Quentin Groves, DE, Jacksonville: Gregg Williams' defense features a myriad of pressure schemes that bring multiple rushers off the edge. Groves' explosiveness makes him an ideal situational pass rusher, and Williams will create a package that allows him to use his speed to win one-on-one matchups outside. Although Groves isn't ready to be an every down player as a rookie, he should post double-digit sack totals as a part-time player on passing downs.
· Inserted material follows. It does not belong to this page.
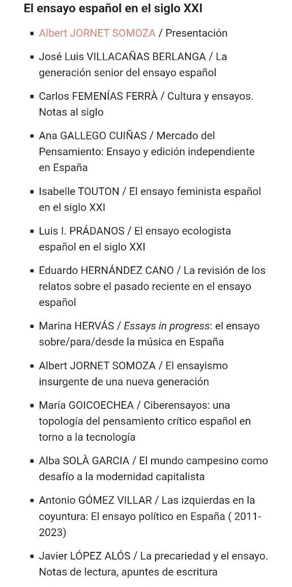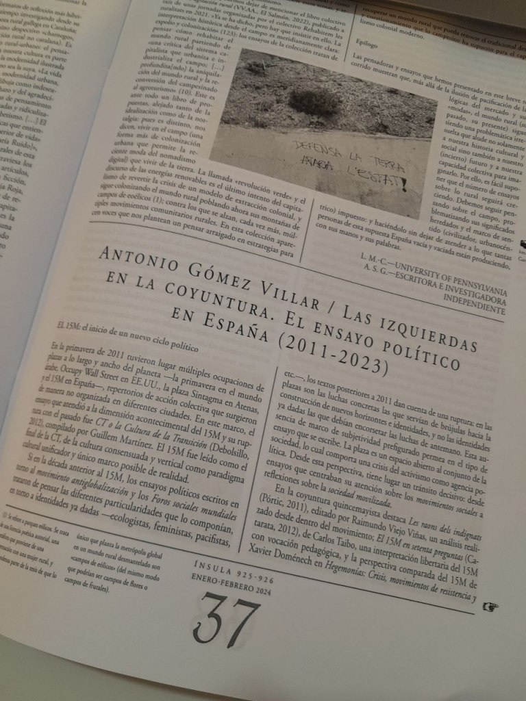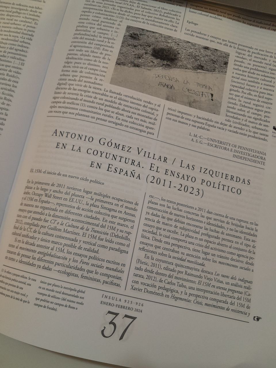 La Revista Ínsula ha publicado en enero el monográfico “El ensayo español en el siglo XXI”, coordinado por Albert Jornet y Carlos Femenías, quienes han realizado un trabajo estupendo. Contiene notables contribuciones desde diferentes miradas. Entre ellas, mi texto “Las izquierdas en la coyuntura. El ensayo político en España (2011-2023)”. Pincha aquí para acceder al número completo

Brandon Flowers, CB, Kansas City: The Chiefs defense has steadily improved over the past two seasons, but an aging secondary kept defensive coordinator Gunther Cunningham from being aggressive with his pressure packages. Flowers' insertion into the lineup gives Cunningham a physical corner in the mold of James Hasty and Dale Carter to mix in more press coverage with their standard two-deep looks. Flowers' skills are an ideal match for the Chiefs, and he should be an impact starter from Day One.

Jake Long, OT, Miami: Bill Parcells handpicked Long to be the cornerstone of the Dolphins offense, and his ability to pave the way for Ricky Williams and Ronnie Brown will help Tony Sparano establish a smash-mouth identity for the team. No one expected the Dolphins to start the Parcells' era with an offensive player, but Long will anchor an offensive line that will attempt to maul defenses at the point of attack.

DeSean Jackson, WR/KR, Philadelphia: The diminutive playmaker will make his presence felt in the return game. The Eagles have ranked near the bottom of the league in both return categories, and their return game has lacked juice since Brian Westbrook became a full-time runner on offense. Jackson produced six return touchdowns in his three-year collegiate career, and his explosiveness makes him a threat to score every time he touches the ball as a returner.

Jerod Mayo, LB, New England: The Patriots expended a rare early first-round choice on a linebacker, but Mayo's business-like attitude and versatility makes him the ideal fit in Bill Belichick's defense. Mayo is capable of manning the middle, and that allows Adalius Thomas to move back to his natural outside linebacker spot. Although Mayo's presence may not statistically improve the Patriots' fourth-ranked defense, his youthful exuberance will ease the pressure on a veteran linebacking corps that lacks athleticism.

Jacob Hester, RB/FB, San Diego: The Chargers made a major move to acquire the most versatile running back in the draft, and he steps into a prominent role as LaDainian Tomlinson's backup. Though Hester lacks the burst of an elite-level back, he is an instinctive runner who will thrive in San Diego's downhill running game. Moreover, Hester's receiving skills are superior to those of free agent defection Michael Turner and his multi-positional flexibility adds another dimension to Norv Turner's explosive offense.

Aqib Talib, CB, Tampa Bay: The Bucs add a top playmaker to their vaunted "Tampa-two" defense, and his ball-hawking skills will fortify the league's top-ranked pass defense from a season ago. Despite Monte Kiffin's intention is to start the youngster as a nickelback, Talib's size and penchant for creating turnovers makes him the best candidate to start at right corner. Buoyed by a strong pass rush upfront, Talib will be able to feast off hurried throws in the back end.